Directions: Copy out the data exactly, leaving the pictures behind.

Dataset excerpt:

=-=-=-=-=

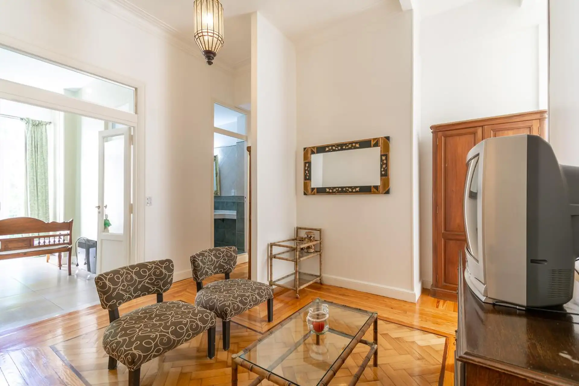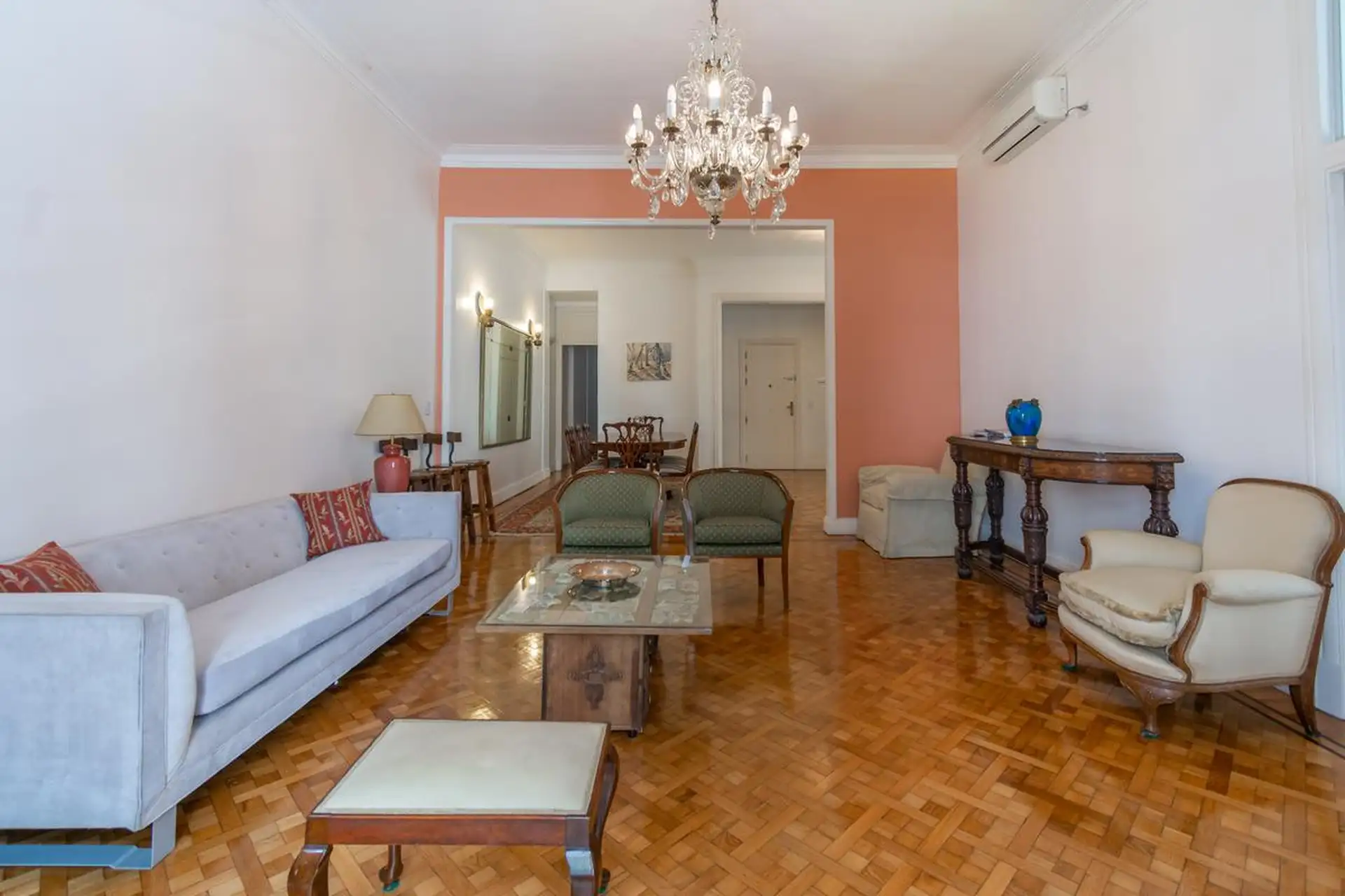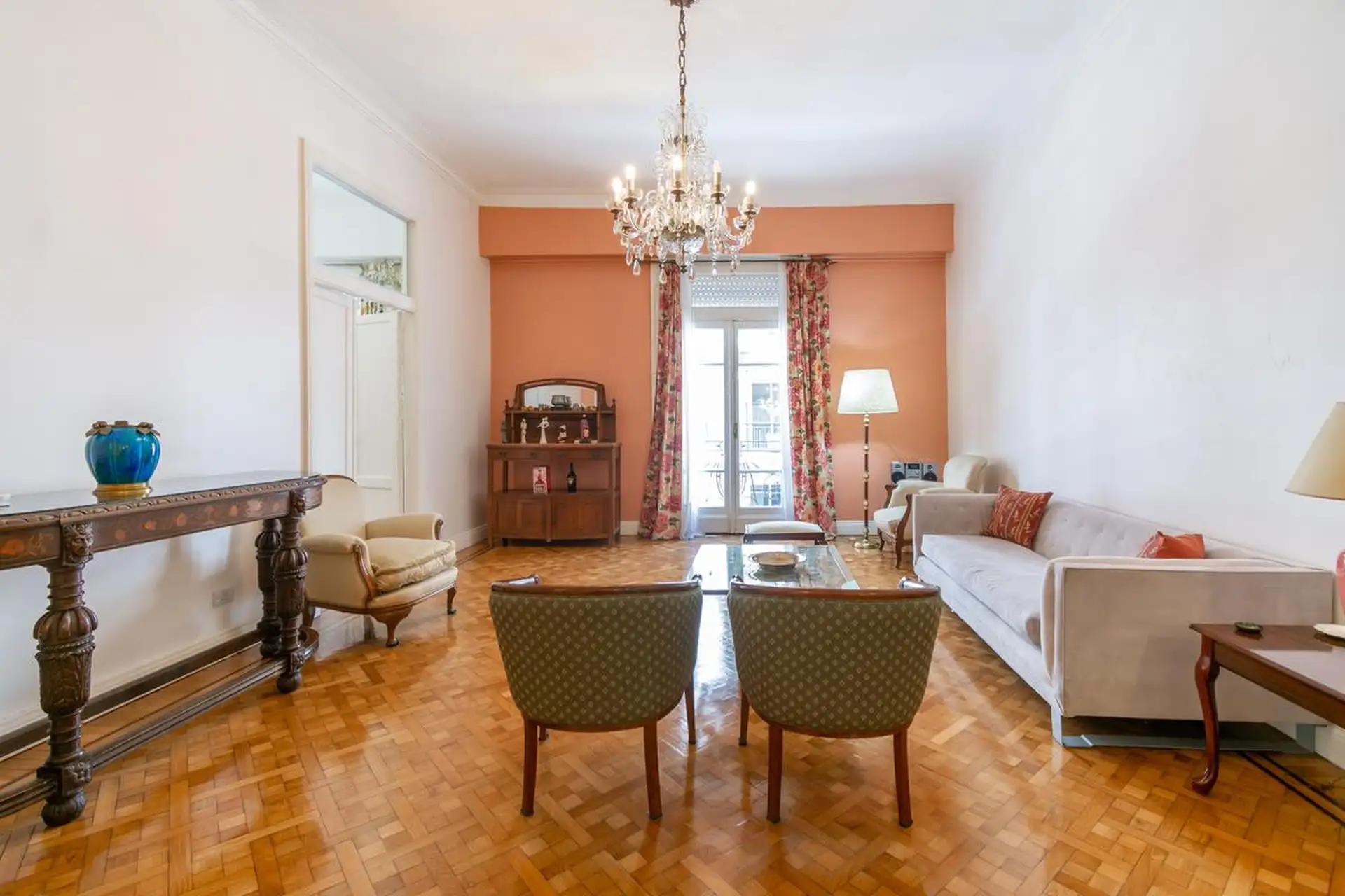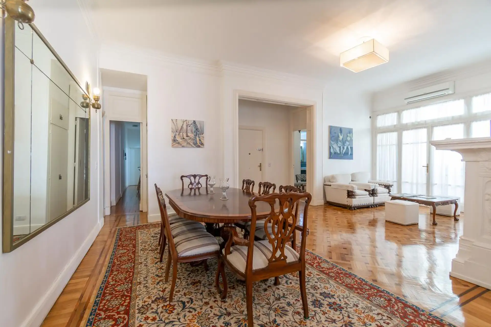 Квартира в Retiro, 5 комнат, площадью 250 m². Окна выходят на улицу, в доме есть несколько гостиных зон; во входной группе окна в стиле и потолки высотой в два уровня. Основная спальня с ванной комнатой (suite) и окнами во двор квартала. Спальни 2 и 3 оснащены кроватями и отдельными полноценными ванными комнатами; в четвёртой спальне кровать двуспальная. Кухня после ремонта с холодильником, стиральной машиной и посудомоечной машиной, есть обеденная зона у кухни. На последнем этаже терраса с зоно
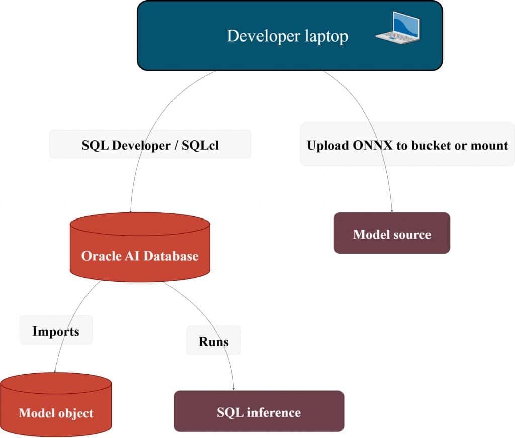 • Importing ONNX into Oracle AI Database is not “uploading a file”—it registers a model object in your schema.
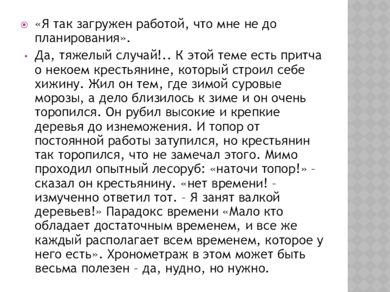 случай!.. К этой теме есть притча о некоем крестьянине, который строил себе хижину. Жил он тем, где зимой суровые морозы, а дело близилось к зиме и он очень торопился. Он рубил высокие и крепкие деревья до изнеможения. И топор от постоянной работы затупился, но крестьянин так торопился, что не замечал этого. Мимо проходил опытный лесоруб: «наточи топор!» – сказал он крестьянину. «нет времени! – измученно ответил тот. – Я занят валкой деревьев!» Парадокс времени «Мало кто обладает достаточным временем, и все же каждый располагает всем временем, которое у него есть». Хронометраж в этом может быть весьма полезен – да, нудно, но нужно.

=-=-=-=-=

Written solution:
 Квартира в Retiro, 5 комнат, площадью 250 m². Окна выходят на улицу, в доме есть несколько гостиных зон; во входной группе окна в стиле и потолки высотой в два уровня. Основная спальня с ванной комнатой (suite) и окнами во двор квартала. Спальни 2 и 3 оснащены кроватями и отдельными полноценными ванными комнатами; в четвёртой спальне кровать двуспальная. Кухня после ремонта с холодильником, стиральной машиной и посудомоечной машиной, есть обеденная зона у кухни. На последнем этаже терраса с зоно
 • Importing ONNX into Oracle AI Database is not “uploading a file”—it registers a model object in your schema.
 случай!.. К этой теме есть притча о некоем крестьянине, который строил себе хижину. Жил он тем, где зимой суровые морозы, а дело близилось к зиме и он очень торопился. Он рубил высокие и крепкие деревья до изнеможения. И топор от постоянной работы затупился, но крестьянин так торопился, что не замечал этого. Мимо проходил опытный лесоруб: «наточи топор!» – сказал он крестьянину. «нет времени! – измученно ответил тот. – Я занят валкой деревьев!» Парадокс времени «Мало кто обладает достаточным временем, и все же каждый располагает всем временем, которое у него есть». Хронометраж в этом может быть весьма полезен – да, нудно, но нужно.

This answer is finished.